The utilities are the players with the most muscle, and they are using it. James Rogers, CEO of Duke Energy, told us how this is a good time to borrow money – he has secured $2bn at 5% – and investing in everything from gas combined-cycle to nuclear and renewables. He was strikingly down-to-Earth about his company’s preferences, criticising Europe for treating renewable energy as a “theology”. He stated the case for coal gasification as a clean technology, and said the jury was out on shale gas, a technology that many in the US have touted as offering huge supplies of cheap natural gas for the future.
By contrast, Iberdrola is ploughing on with the biggest wind investment programme in the world, and believes that the implied European Union target of 35% of power generation from renewables by 2020 is a “big ask” but achievable, since the commitment and support mechanisms are in place. For it, the unpredictability of the carbon price makes it hard to commit to investment in large nuclear plants. For others, smaller nuclear plants of perhaps 200MW are now looking a good bet for the first time in decades.
Overall, the atmosphere at the Summit was of guarded optimism. With the recession fading, the capital markets recovering and stimulus money starting to flow, this is set to be a record year for low-carbon energy investment.

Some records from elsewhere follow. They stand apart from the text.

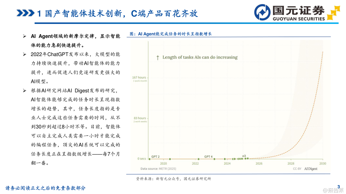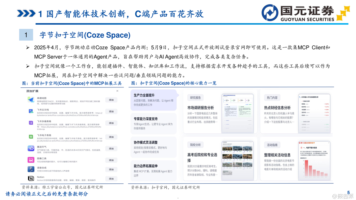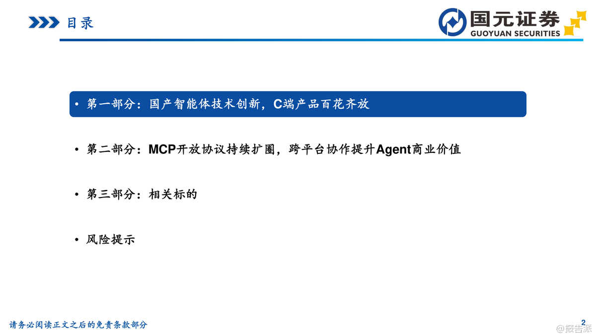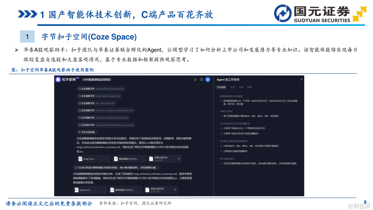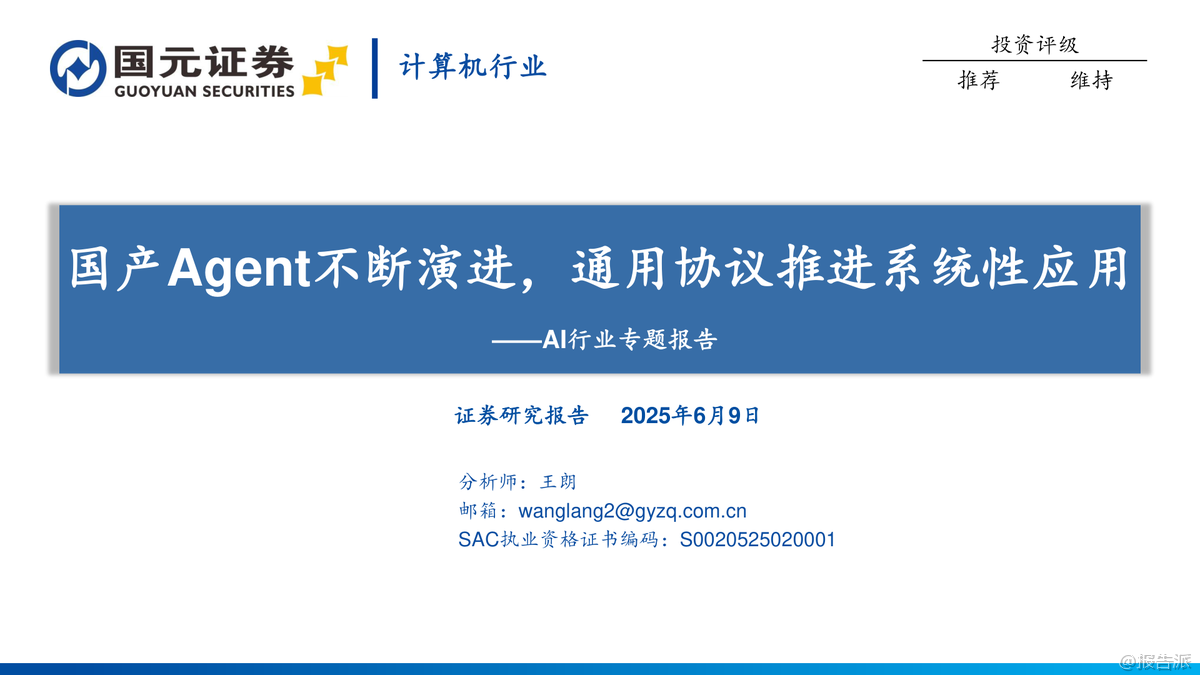 2025年,國產(chǎn)AI智能體(Agent)迎來爆發(fā)式發(fā)展,技術(shù)迭代加速,應用場景迅速拓展,正逐步重塑人機交互方式與產(chǎn)業(yè)生態(tài)格局。 根據(jù)國元證券發(fā)布的《AI行業(yè)專題報告》,AI Agent領(lǐng)域正遵循“新摩爾定律”,其能力每7個月翻一番,已能自主完成人類需耗時一小時以上的復雜任務,展現(xiàn)出指數(shù)級進化趨勢。 這一進步得益于大模型能力的持續(xù)躍升,推動智能體在任務規(guī)劃、工具調(diào)用和跨平臺協(xié)作方面實現(xiàn)突破。 在C端產(chǎn)品層面,多家科技巨頭紛紛推出通用型Agent平臺,爭奪AI時代的新型交互入口。 字節(jié)跳動推出的“扣子空間(Coze Space)”集成了MCP Client與Server功能,支持創(chuàng)建插件、智能體、知識庫和工作流,提供規(guī)劃與探索雙模式協(xié)作機制,滿足從輕量到復雜任務的不同需求。 百度發(fā)布“心響”APP,作為首個移動端通用超級智能體,用戶無需掌握提示詞即可通過自然語言下達指令,系統(tǒng)自動拆解任務并調(diào)用內(nèi)外部工具完成交付,目前已支持超200種工作、學習與生活場景。 昆侖萬維推出的“天工超級智能體”則聚焦多模態(tài)內(nèi)容生成,具備deep research能力,在GAIA榜單上位居全球第一,可一站式生成文檔、PPT、表格、播客及音視頻內(nèi)容。 此外,納米AI上線MCP萬能工具箱,成為國內(nèi)首家開放生態(tài)MCP平臺,覆蓋辦公、學術(shù)、金融、媒體等多場景,顯著降低開發(fā)者接入門檻。 在協(xié)議與生態(tài)建設方面,MCP(Model Context Protocol)和新興的A2A(Agent-to-Agent)協(xié)議正推動智能體間的互聯(lián)互通。 谷歌于2025年4月推出A2A開放協(xié)議,支持不同來源的智能體安全通信與協(xié)同執(zhí)行跨平臺任務,已有超50家技術(shù)伙伴響應。 微軟在Build大會上提出構(gòu)建“智能體網(wǎng)絡”(Agentic Web),旨在讓智能體像網(wǎng)頁一樣互聯(lián),并加入MCP指導委員會,推動標準化進程。 OpenAI也宣布其核心API Responses API正式支持MCP,簡化開發(fā)流程,提升執(zhí)行效率。 這些協(xié)議的普及,標志著AI系統(tǒng)正從孤立應用走向協(xié)同網(wǎng)絡,極大提升了Agent的商業(yè)價值與落地可能性。 報告還梳理了重點投資標的,涵蓋AI+編程與AI+辦公兩大方向。 在編程領(lǐng)域,卓易信息布局“IDE+AI”與“AI+IDE”雙產(chǎn)品線,構(gòu)建虛擬開發(fā)團隊;普元信息推進低代碼平臺與MCP協(xié)議融合,提升開發(fā)智能化水平。 在辦公領(lǐng)域,合合信息上線首批MCP Server服務,賦能復雜文檔解析;金山辦公升級WPS AI 2.0,推出“AI伴寫”等功能,深耕內(nèi)容創(chuàng)作與知識洞察場景。 總體來看,國產(chǎn)AI Agent正處于技術(shù)突破與生態(tài)構(gòu)建的關(guān)鍵階段,C端產(chǎn)品百花齊放,底層協(xié)議加速統(tǒng)一,跨平臺協(xié)作能力顯著增強,正朝著真正的自主智能邁進。 然而,報告也提示了技術(shù)進展不及預期、商業(yè)化落地困難及行業(yè)競爭加劇等潛在風險。 未來,誰能構(gòu)建更開放的生態(tài)、更高效的協(xié)作機制,誰就將在AI Agent時代占據(jù)先機。 出品方:國元證券 發(fā)布時間:2025年 文檔頁數(shù):38頁 |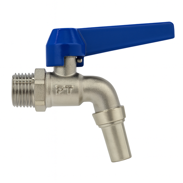* Torneira de esfera metálica com bico de saída, indicada para depósitos e recipientes de vinho.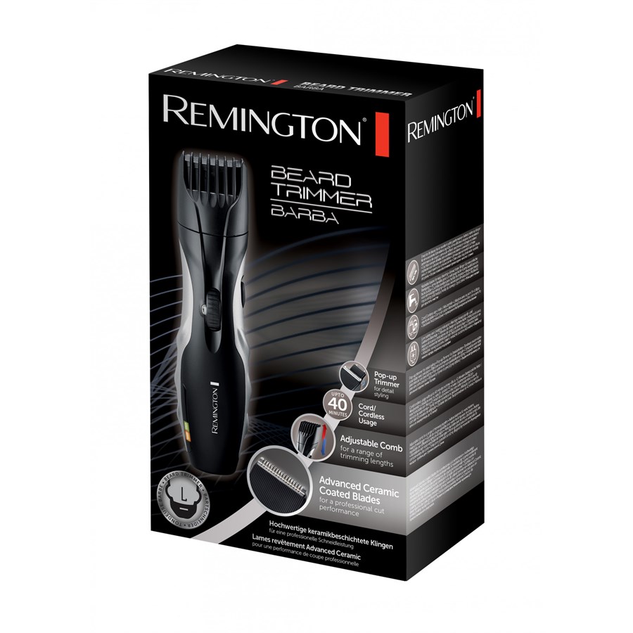 Тример Remington Barba, для бороди та вусів, акум., насадок-9, 40хв. Використання, сталь, чорний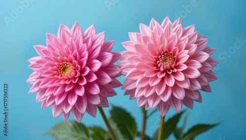 “Blush in Bloom: Stunning Pink Dahlias Unfold Their Petals Against a Creative Blue Backdrop, Blending Vibrant Elegance and Artistic Charm in a Captivating Floral Display.”
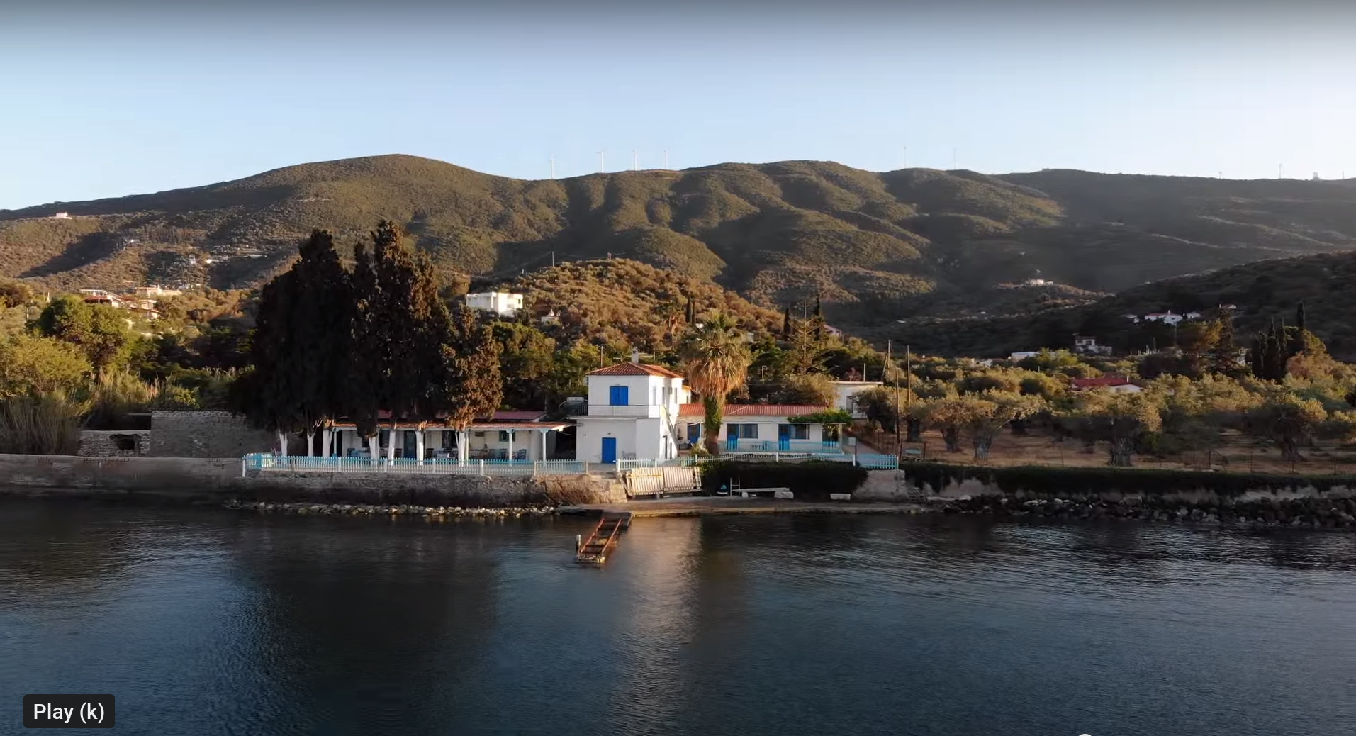 Het typisch Griekse gebouw aan de oever dat eerder al door de drone werd vastgelegd, blijkt een restaurant te zijn, en open op de koop toe.

The world in 2020 will be very different from today, whether or not we see a binding global deal on carbon, or new US climate legislation this year: the Magnificent Seven decadal trends will see to that. After the irrational exuberance of 2007 and the trauma of 2008-09, we are back in a period when significant, profitable businesses can once again be built. And if you are not building them, who is?
The title of our Summit said it all: this is not time to sit on the sidelines. This is “Time to Commit”.